This is a photo of my great-grandfather, William Jewell, when he was a child actor in Michigan.
I’ve been working a bit on my family history. By pouring through old census records and city directories you can learn quite a bit about your ancestors. You can discover their parents’ names, their occupations, with a bit of research you can imagine them in a context, how did people dress then? What were the rituals of their church? What were the big events in their communities? If you’re really lucky you will find an obituary that notes something about the person’s life.
Yet as much as you discover, there is always a big hole in the center. There is something vital, something that gets to the heart of who a person is, that never makes it into a genealogical database.
Yesterday I came across an old letter written from my great-uncle to his sister, my grandmother. As I read his memories of his father, I realized what is missing from the records. Everything that the person did not do. Their unrealized potential.
The goals that seem just beyond one’s grasp that we can’t help chasing, these are what animate a life and give it meaning. When a person dies we mourn not for what they did but for what they could have done and never had the time. The world may see your resume, but only those who know you best know what lies behind it, what you wish to accomplish and haven’t, not yet.
When you examine the census records in your search for William Jewell, you will find his occupation listed as “salesman” but his business card said, “Wm. F. Jewell, Fine Arts. Theatrical Work a Specialty.”
His sister Ada, just two years older, had become a Vaudeville star with her husband Dick Lynch. Bill, as he was known, made a poor businessman when he tried to run a family candy store in Detroit. He did better selling ads for the Detroit Journal. In his free time he would pick up extra cash and drinks by doing recitations in the local bar. Even the members of his family, who bore the brunt of his legendary temper, admired the acting talent he showed when he recited the old stories.
The story of his life lies in what drove him, what fueled his ambition, what he was never able to achieve.
“He needed only the opportunities that I gave you children,” said his wife, the woman who has been dubbed in family lore “Saint Clara.” “To me he was truly a successful man.”

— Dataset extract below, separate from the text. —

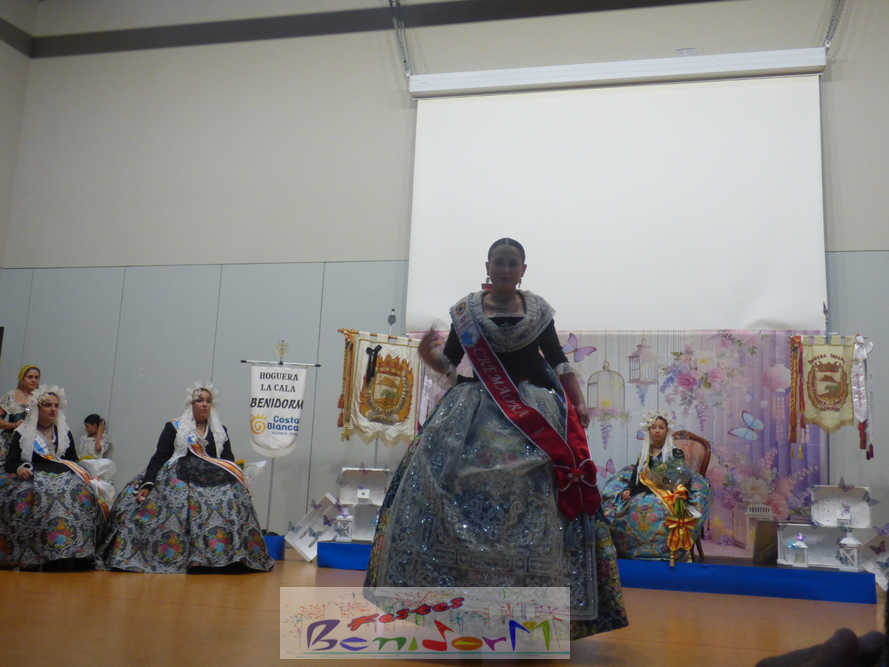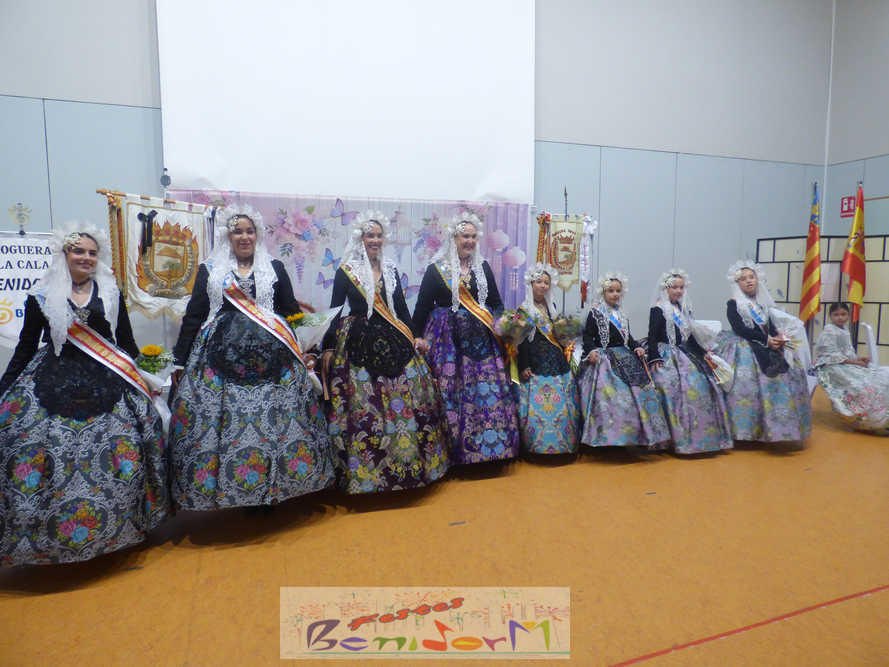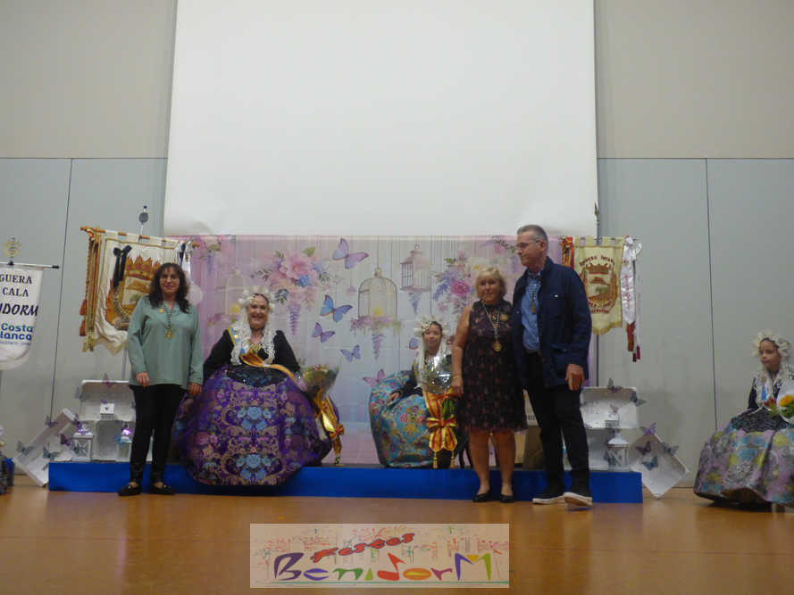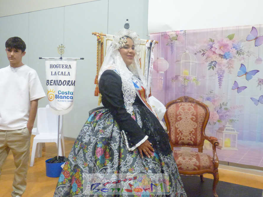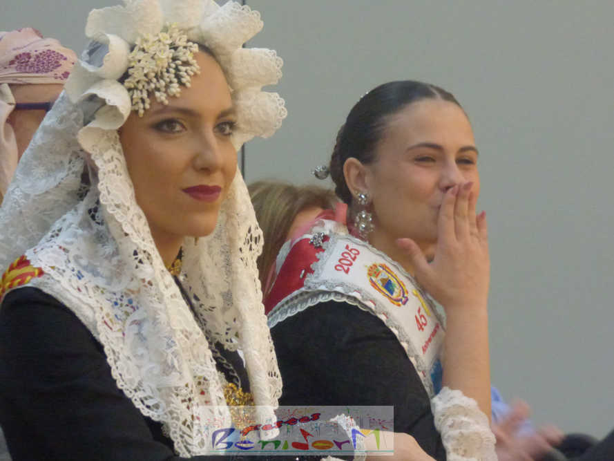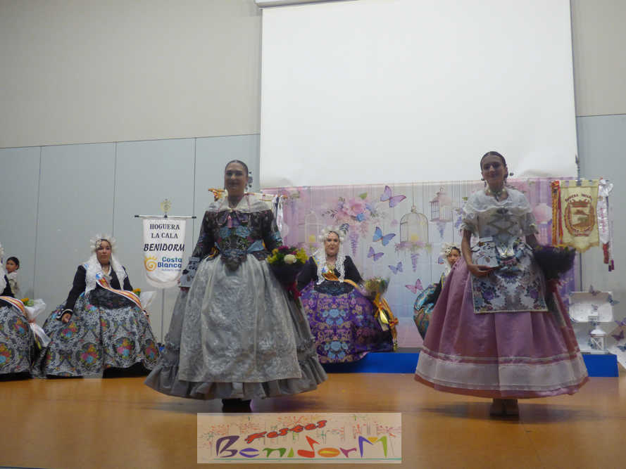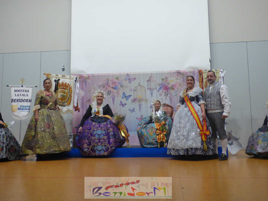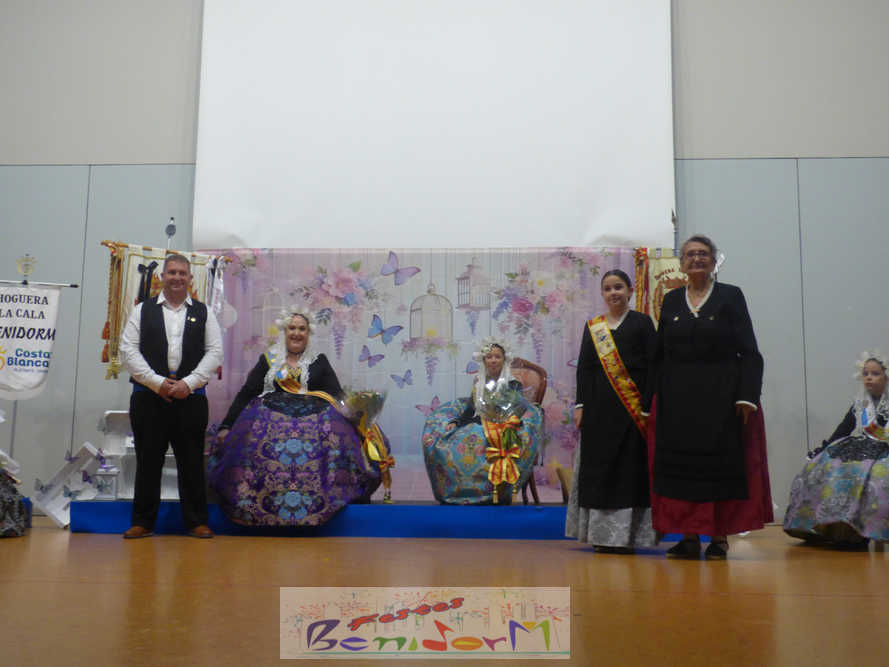 Posteriormente, subieron al escenario Laura Cerrato y Ana Orozco, Damas de Honor de la Belleza del Foc de Benidorm 2026, recibiendo igualmente su banda, antes de que la atención se centrara en las máximas representantes de la Hoguera La Cala:

And what of her dreams? Clara was “a practical, pragmatic, wonderful lady,” who wanted a stable home and family and who had the fortune or misfortune to fall in love with a man with big dreams and big disappointments. His dreams and her dreams crashed into each other. And that is the story of a life. It is not what we manage to accomplish that makes us who we are. The real work of a life is bridge building. It is the story of the bridges we try to build to cross the distance between our dreams and the reality of our lives.